### Given data
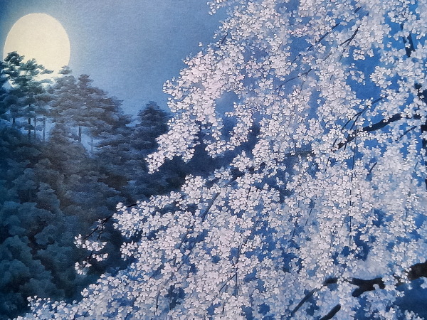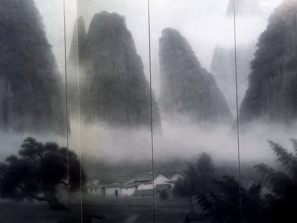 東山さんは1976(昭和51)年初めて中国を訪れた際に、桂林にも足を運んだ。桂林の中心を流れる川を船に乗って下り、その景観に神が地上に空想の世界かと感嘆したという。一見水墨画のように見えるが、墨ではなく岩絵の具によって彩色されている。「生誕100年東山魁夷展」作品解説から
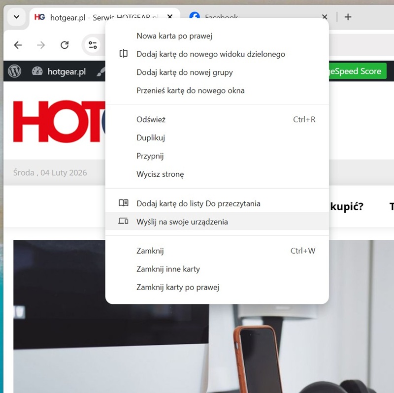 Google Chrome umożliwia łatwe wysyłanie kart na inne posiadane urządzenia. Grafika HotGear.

* * *

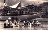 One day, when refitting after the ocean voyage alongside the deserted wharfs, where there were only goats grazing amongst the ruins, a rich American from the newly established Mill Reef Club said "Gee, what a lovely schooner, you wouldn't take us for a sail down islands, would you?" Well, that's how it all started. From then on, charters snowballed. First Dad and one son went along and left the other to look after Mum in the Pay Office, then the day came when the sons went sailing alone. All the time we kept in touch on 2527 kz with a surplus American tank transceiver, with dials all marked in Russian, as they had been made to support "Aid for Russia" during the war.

### Problem to work on
In the entries above, find the line containing "東山さんは1976(昭和51" and the line containing "Google Chrome umożliwia", then copy both and every line between them exactly, without any picture.

### Written answer
 東山さんは1976(昭和51)年初めて中国を訪れた際に、桂林にも足を運んだ。桂林の中心を流れる川を船に乗って下り、その景観に神が地上に空想の世界かと感嘆したという。一見水墨画のように見えるが、墨ではなく岩絵の具によって彩色されている。「生誕100年東山魁夷展」作品解説から
 Google Chrome umożliwia łatwe wysyłanie kart na inne posiadane urządzenia. Grafika HotGear.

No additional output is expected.